In addition, this would identify a new branching point within Branch A, and one (or more) of the defining SNPs could then be added to YSEQ's Z255 SNP Panel. This would benefit future testers.



Phase 3 - Private SNP testing
The third phase is testing of Private / Unique SNPs (i.e. SNPs that are currently unique to one or more specific individuals). These Unique SNPs have been identified via a collaborative effort of many individuals, including Thomas Krahn himself, Alex Williamson, James Kane, the teams at FTDNA and YFULL, various Haologroup Project Administrators, and many others. You can read previous blog posts of how these SNPs were identified below:

The current set of Unique SNPs associated with Lineage II members (3)
(red dots indicate SNPs covered by YSEQ's Z255 SNP Panel)
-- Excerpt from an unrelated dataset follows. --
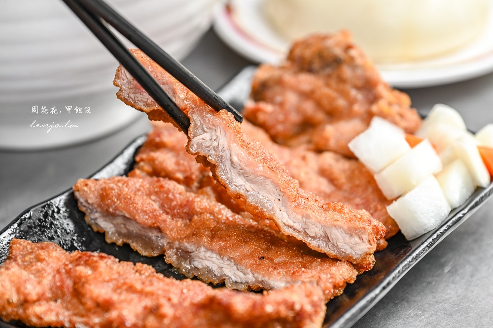 豬肉滋味鮮甜、軟嫩多汁,是很好吃的古早味炸排骨,沾點辣椒更香更對味

Currently, there is no one in the project at this phase of testing. But if the Z255 Panel testing of Branch F members confirms a connection between G65 (371202, MGG) and either G97 (524241, PG) or G98 (437908, WG), then G97 & G98 would undertake single SNP testing of the Private / Unique SNPs of G65 (our 10th & most recent Big Y tester). He appears to have 9 Private SNPs (based on preliminary analyses). Testing all 9 SNPs individually would usually cost $351 at FTDNA ($39 per SNP), and $157.50 at YSEQ ($17.50 per SNP = 55% cheaper) but Thomas is offering substantial reductions from the usual YSEQ price if we order in bulk. This SNP Testing Strategy is a lot less expensive than doing the Big Y test at FTDNA (usually $575).

Similarly, if any of the 9 currently-ungrouped individuals (doing the Z255 Panel) test positive for BY5706 as a terminal SNP (and therefore fall into Branch D), they can start single SNP testing of the Private SNPs of members G05 (86192, RLG) & G68 (411177, CG). G68 has 5 Private SNPs and G05 has 1, so it would usually cost $234 at FTDNA, and $105 at YSEQ, but again, Thomas is offering a substantial discount on the usual YSEQ prices if we order in bulk.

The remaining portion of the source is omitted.